* Task instructions
As the answer, set down the lines below from the one containing "양변에 (일차항계수/2)를 제곱한 값을 더합니다." through the one containing "Дамска пижама, изработена", exactly and inclusively, and no others.
─── Recorded information
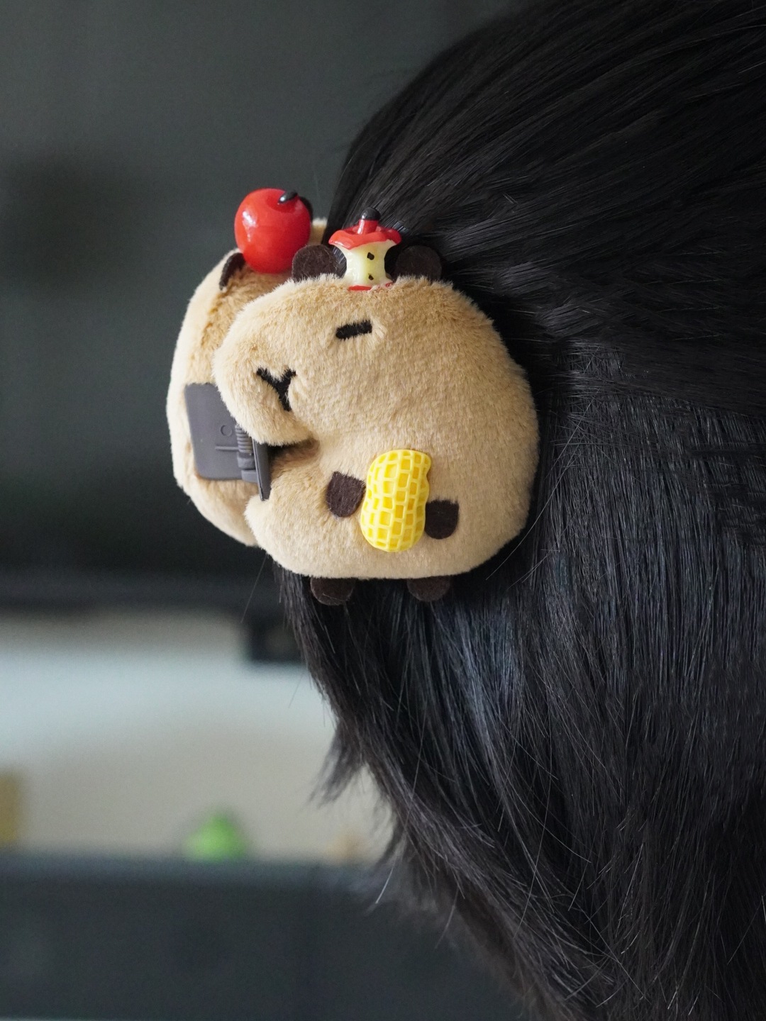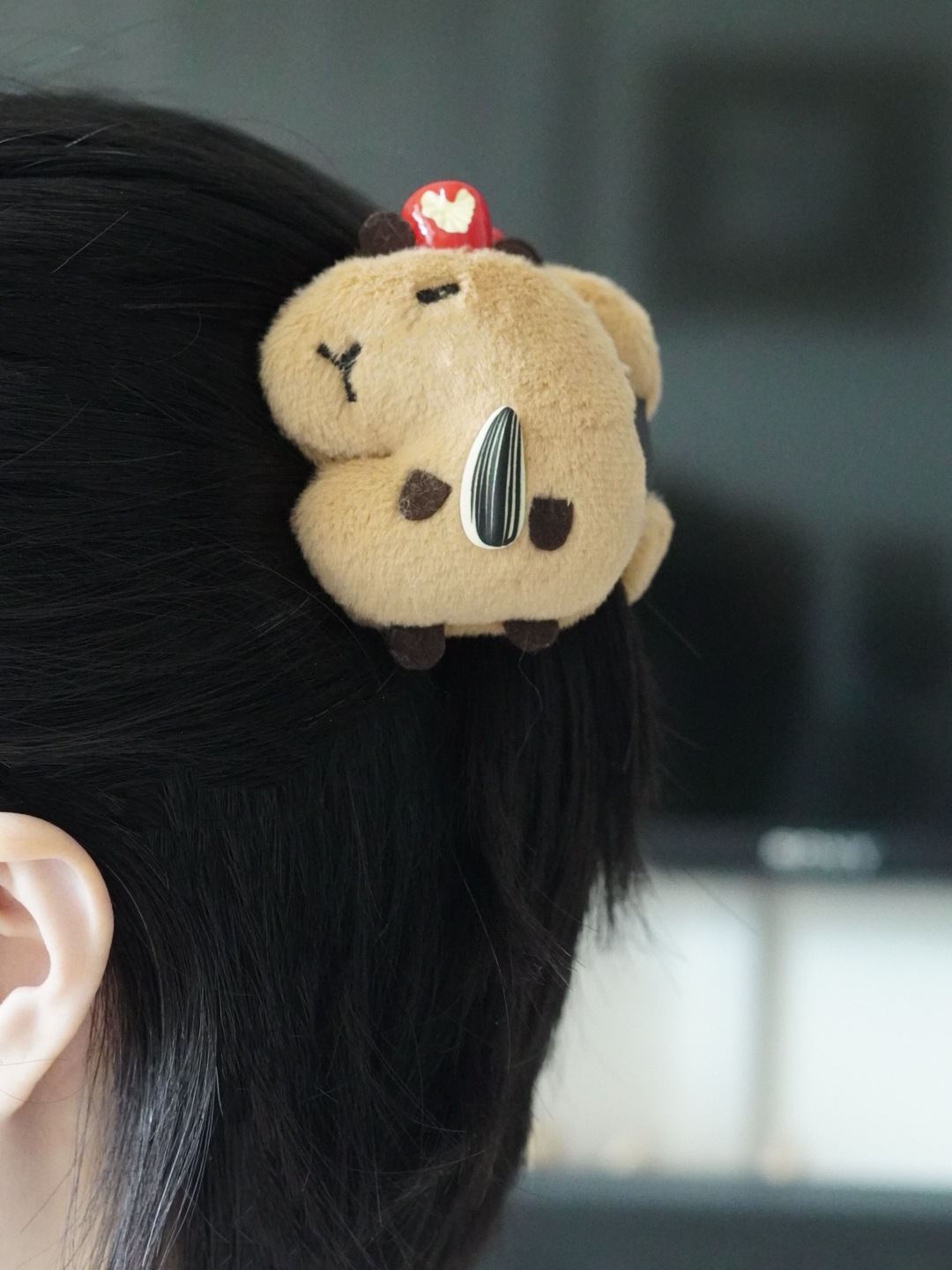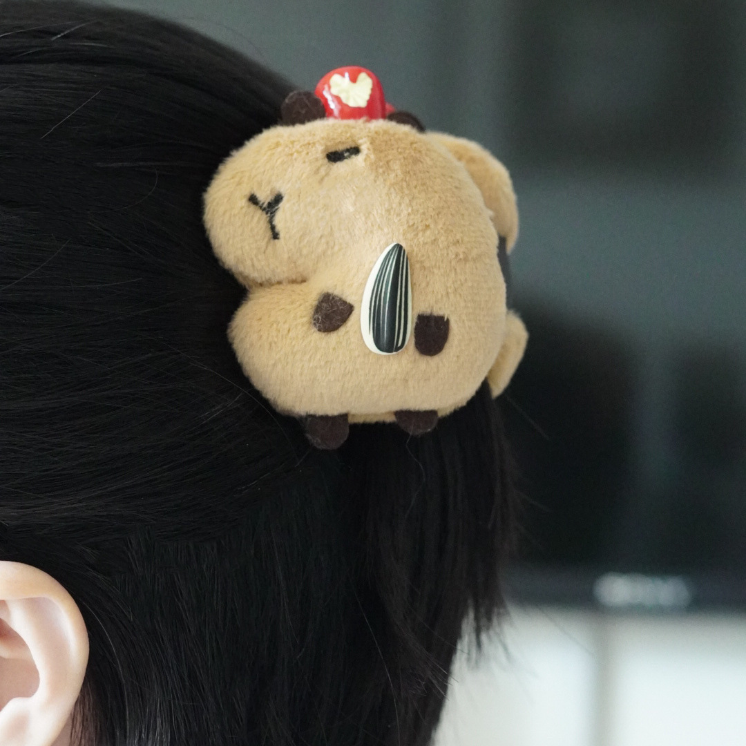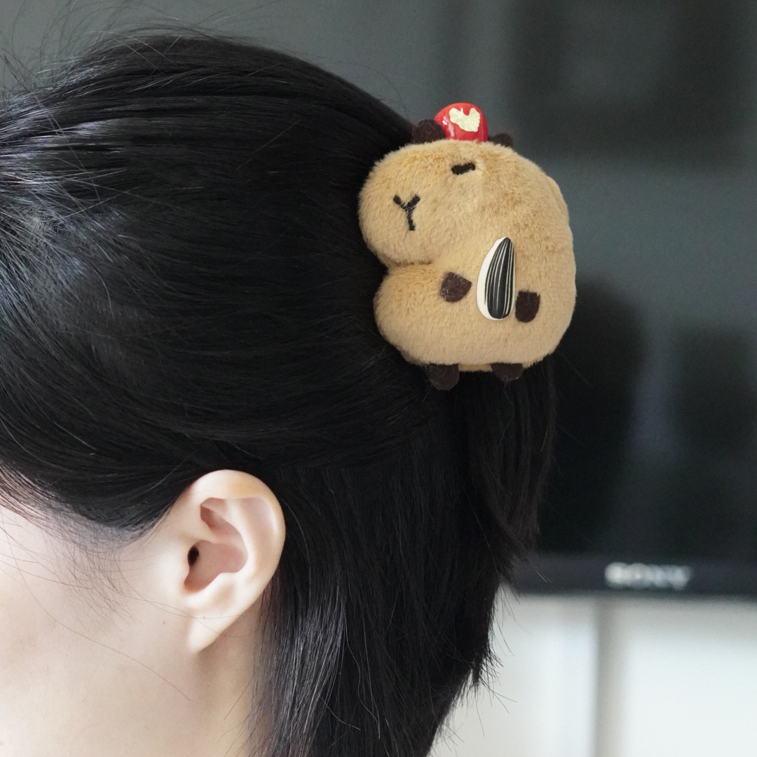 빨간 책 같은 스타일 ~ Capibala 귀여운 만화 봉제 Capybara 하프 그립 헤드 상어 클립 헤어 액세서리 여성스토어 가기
──────
─── Recorded information
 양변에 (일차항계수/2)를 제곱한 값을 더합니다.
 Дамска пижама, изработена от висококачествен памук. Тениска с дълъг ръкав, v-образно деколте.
──────
* Answer
 양변에 (일차항계수/2)를 제곱한 값을 더합니다.
 Дамска пижама, изработена от висококачествен памук. Тениска с дълъг ръкав, v-образно деколте.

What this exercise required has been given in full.